Last.fm is a music streaming platform looking to host a music festival in Chicago, IL. The festival will be a 2-day long event, and each artist invited will perform on one of the two days. Our team’s goal is to help Last.fm construct a line-up of headlining artists for the music festival based on their users’ listening data in order to invite artists that their current users love, and to analyze patterns between users’ listening data in order to include new artists that users are likely to also enjoy.
User listening data: We obtained a dataset containing 360,000 randomly selected Last.fm users and a list of their top-ten-played artists from Pompeu Fabra University’s Music Technology Group. The dataset also contained the user’s attributes such as sex, age, location and date of joining the platform.
🧼 Data Cleaning: Data from users who were under 18, over 70 and outside the US were removed. Music festivals typically have an 18+ age limit and we believe that it would be difficult for users outside the US or over 70 years old to attend given the recent COVID-19 pandemic.

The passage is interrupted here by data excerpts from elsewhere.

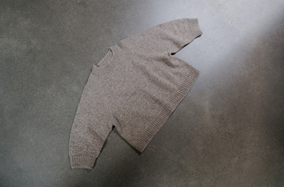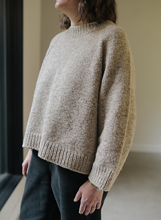 The sample is knit in a size 2 worn with 15” of ease. Knit with Cascade Eco merino Dk in the color Sandy Beach held with Cascade 220 fingering in the color Doeskin Heather.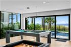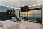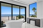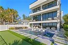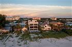 Modern sophistication meets exceptional beachfront living in this new construction coastal estate. Designed for refined living and effortless entertaining, the residence offers expansive light-filled interiors, panoramic beach views, elegant finishes, and a dramatic rooftop terrace atop the main home. With 9, 271 AC sq ft combined, the property includes a Main House with 7, 440 AC sq ft and an attached Guest House with 1, 831 AC sq ft, each with its own private entrance (per builder plan). The estate features 8 bedrooms total, with the main residence offering 6 bedrooms, 6 full baths, and 2 half baths, and the guesthouse offering 2 bedrooms, 2 full baths, and 1 half bath. Luxury appointments include a residential elevator, automatic sliders on main level, floating staircase, wine cellar, a combined theatre and golf simulator room, game room, custom-built closets, and a smart home audio system with integrated in-wall touchscreens. Full retracting glass doors connect interior living spaces to multiple terraces overlooking the beachfront setting. The main level features imported Italian porcelain flooring, an entertaining bar, gym with sauna, and a guest suite or office, all opening directly to the resort-style pool and coastal surroundings. The second level offers elevated ceilings in the dining and living areas, a linear gas fireplace, and a custom chef’s kitchen with Tulia Cabinet Designs cabinetry, dual waterfall islands, Wolf appliances, a butler’s pantry, pantry, and a glass-enclosed wine room. This level also includes a sitting area or library and an additional ensuite bedroom. The upper level includes three more ensuite bedrooms and the private owner’s retreat. A separate foyer leads to the grand primary suite featuring a morning bar, spa-inspired bath with stand-alone tub and glass-enclosed shower, a custom wardrobe room, and full retracting doors opening to a private beachfront terrace. The rooftop terrace above provides additional outdoor living space with expansive Gulf views. The attached guesthouse offers a private living area, dining space, kitchen with waterfall island, two ensuite bedrooms, a powder room, a flex space, and its own rooftop terrace. The outdoor living area of the main home includes a pool with floating spa, sun shelf, covered lounging areas. Construction features include pilings, concrete block exterior walls and impact-rated windows and doors. Additional enhancements include custom metal railings, tropical landscaping, a concrete driveway with turf inlays, and five garage bays (with power washer and car vac). A builder warranty is included (see builder documentation for full details). Located in a golf-cart-friendly coastal community with nearby parks, dining, shopping, an art center, and a library, and convenient access to regional airports and destinations. Short-term rental use may be permitted pursuant to local regulations; buyer to independently verify all restrictions. Available furnished at additional cost.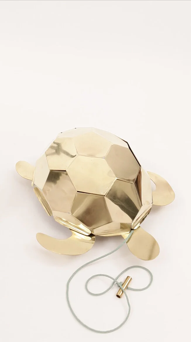 La tortue en laiton a des roulettes sous la carapace et contient une boîte à musique à l'intérieur. C'est une surprise de voir le ciel étoilé et d'entendre la musique qui sort de cette merveilleuse créature. C'est la “Xiquinha” de Marina Rheingantz et Lucas Fazzio.
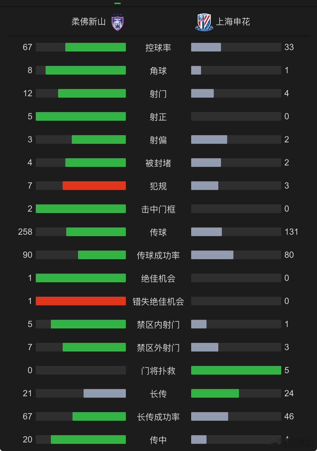柔佛新山vs上海申花8比1的角球,12比4的射门,5比0的射正。能做到不失球也不容易了。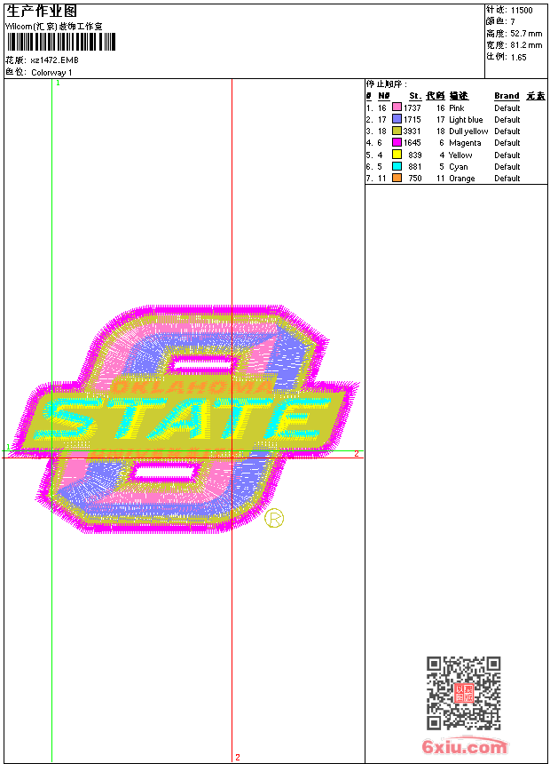 - 版带文件需绣花软件方可打开,可配色打印导出各种格式或直接上机绣。如无绣花软件可下载1:1模拟效果图。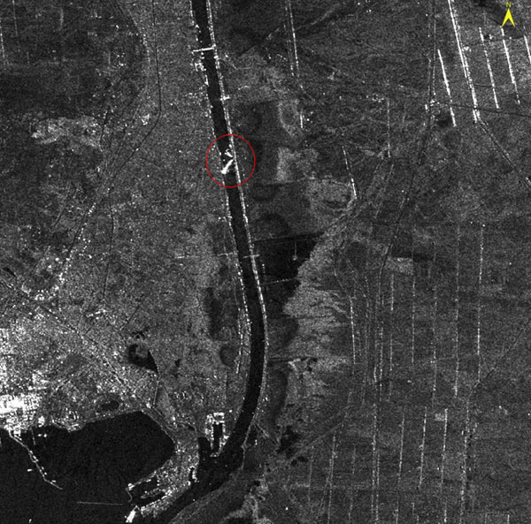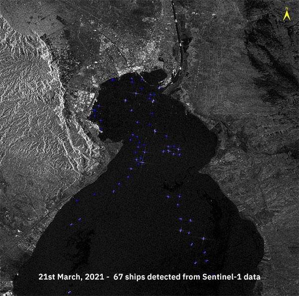 哨兵-1号SAR图像显示苏伊士运河船舶交通持续积压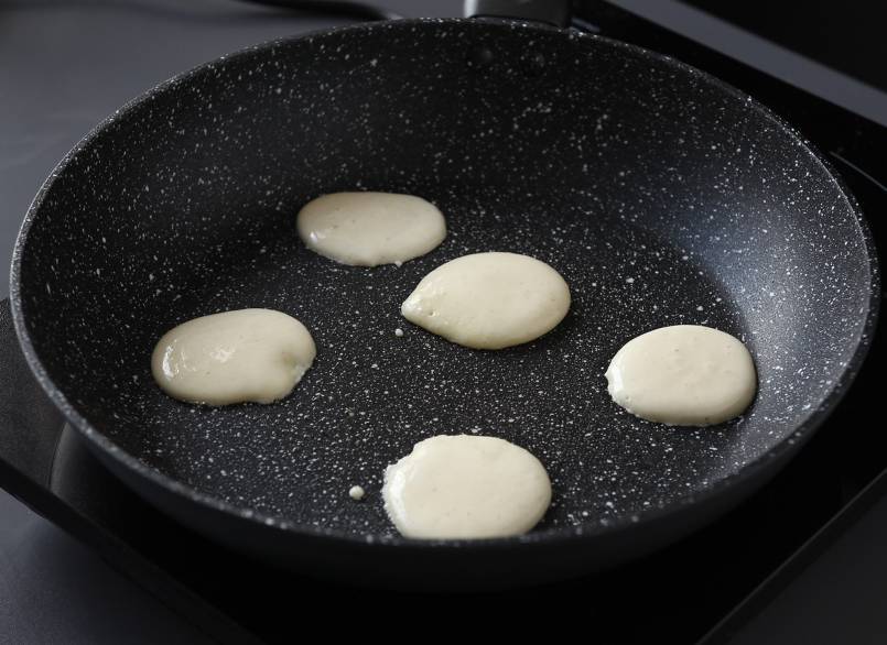 Die Bratpfanne einfetten und auf mittlerer Stufe erhitzen. Sobald sie heiß genug ist, für jeden Blini 1 Teelöffel Teig hineingeben, oder eine größere Menge, wenn Sie es vorziehen.

The top 150 artists who had the most number of users listing them as one of their top-ten artists were extracted. We chose 150 artists because a similar Chicago-based musical festival, Lollapalooza, has approximately 150 artists as part of their line-up. From this list, we then removed artists that were either inactive or dead, leaving us with 116 total artists.
Artist attributes data: Using Selenium on Python, we web-scraped Wikipedia in order to generate a dataset of artist attributes. This dataset consists of the 116 artists, their genre, sex, year they started making music and whether the artist is a band or a solo artist.
Using statnet and igraph packages on R, we created an network of artist relations. Each node in this network represents an artist. We then define an edge to exist between two nodes if there is a significant overlap in audiences for the two associated artists. We quantified audience overlap by using Jaccard similarity coefficient. If two artists have a Jaccard similarity coefficient of over 0.1, we conclude that there exists a tie between them. The table below illustrates the summary statistics of the artist network:
The figure below illustrates the artist network. The size of the node represents the node’s popularity, which we computed as the number of users that named the artist as one of their top-ten artists. The most popular artists included Radiohead, Kanye West, Coldplay and Death Cab for Cutie. The color of the node represents the artist’s main genre. There are 5 different genres: pop, rock, punk, indie and hip hop.
Takeaway: From the figure, we can see that there is a relatively clear divide between genres. This indicates that, if a user listens to a specific genre, they typically listen to multiple artists in that genre.